Under the terms of the merger, LSEG shareholders will be entitled to receive 0.4421 UK TopCo shares in exchange for each LSEG share, and DBAG shareholders will be entitled to receive one UK TopCo share in exchange for each DBAG share. Assuming 100% acceptance, LSEG shareholders and DBAG shareholders will own 45.6% and 54.4%, respectively of UK TopCo on a fully diluted basis.

UK TopCo has been incorporated in the UK and will have a unitary board with equal representation from LSEG and DBAG. LSEG will maintain a one-tier-board system, while DBAG will maintain a two-tier-board system subject to applicable co-determination rules.

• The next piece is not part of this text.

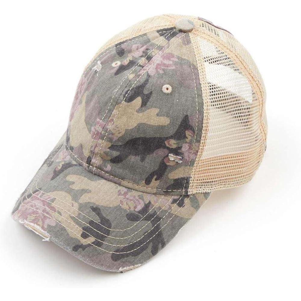 imageCC Ponycap Messy High Bun Ponytail Adjustable Mesh Trucker Baseball Cap HatFloral Camo Beige

Xavier Rolet, CEO of LSEG, said in a statement: “We are creating an industry-defining combination, which will be a leading global market infrastructure business, very well positioned to create new benefits and efficiencies for our customers and increase value for our shareholders. Our highly complementary businesses will accelerate growth. Our shareholders will also benefit from substantial cost and revenue synergies. The combined group will continue to be fully committed to the real economy, by supporting companies, including the 23 million SMEs across Europe that drive economic growth and job creation. We will create a European leader in global markets infrastructure.”

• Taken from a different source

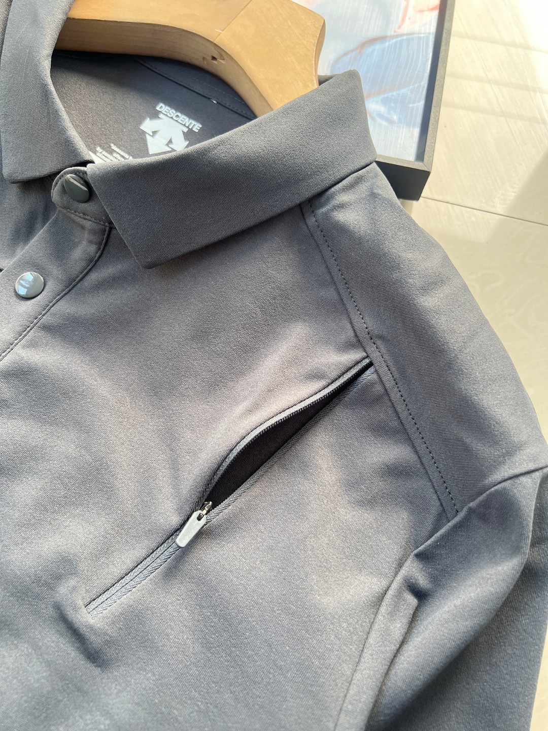 面料纱线的特殊组合配列,使肌肤的水分迅速转移至面料表面,从而释放在空气中达到速干的效果手感柔软上身版型立体!!

Carsten Kengeter, CEO of DBAG, added: “Strengthening the link between the two leading financial cities of Europe, Frankfurt and London, and building a network across Europe with Luxemburg, Paris and Milan will strengthen European capital markets. It is the logical evolution for our companies in a fundamentally changing industry. As a combined group we will create a European player that will compete on a global basis. Shareholders will have an opportunity to benefit from this industry defining and value enhancing combination through the execution of an accelerated growth strategy and the realisation of cost and revenue synergies. It brings together two of the most respected and successful market infrastructure providers in the world to lead the way in European capital markets and set the benchmark for further growth and best-in-class services.”

The finalisation of the merger is conditional on receiving competition clearance from the relevant authorities in the European Union, the United States and Russia. There will also be formal regulatory approval and notification requirements in a number of jurisdictions, including Germany, the UK, France, Luxembourg, Italy and the US.

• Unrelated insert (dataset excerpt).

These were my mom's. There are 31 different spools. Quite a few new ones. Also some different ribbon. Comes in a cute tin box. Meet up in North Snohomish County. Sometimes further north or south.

LSEG and DBAG have also announced the establishment of a Referendum Committee, composed of three members from each company, whose purpose is to consider the ramifications of any vote for the UK to leave the European Union. The groups recognise that a decision by the UK electorate to leave the European Union may undermine the current Capital Markets Union project, which seeks to remove barriers to the free flow of capital in Europe. Until the result of the upcoming referendum is known, the merger will proceed on the basis that existing regulatory and political structures will remain in place.

According to data from the Deutsche Bank ETF Annual Review and Outlook, the LSE held 32.4% of ETF exchange trading market share in Europe last year, while Borsa Italiana had 10.8% – a combined total for the LSEG of 43.2%. Deutsche Boerse had a market share of 24.4% in 2015. If a merger were to take place it could see a combined market share in on-exchange ETF trading of 66.8% in Europe.

It is currently expected that the merger will be completed by the end of 2016 or during Q1 2017.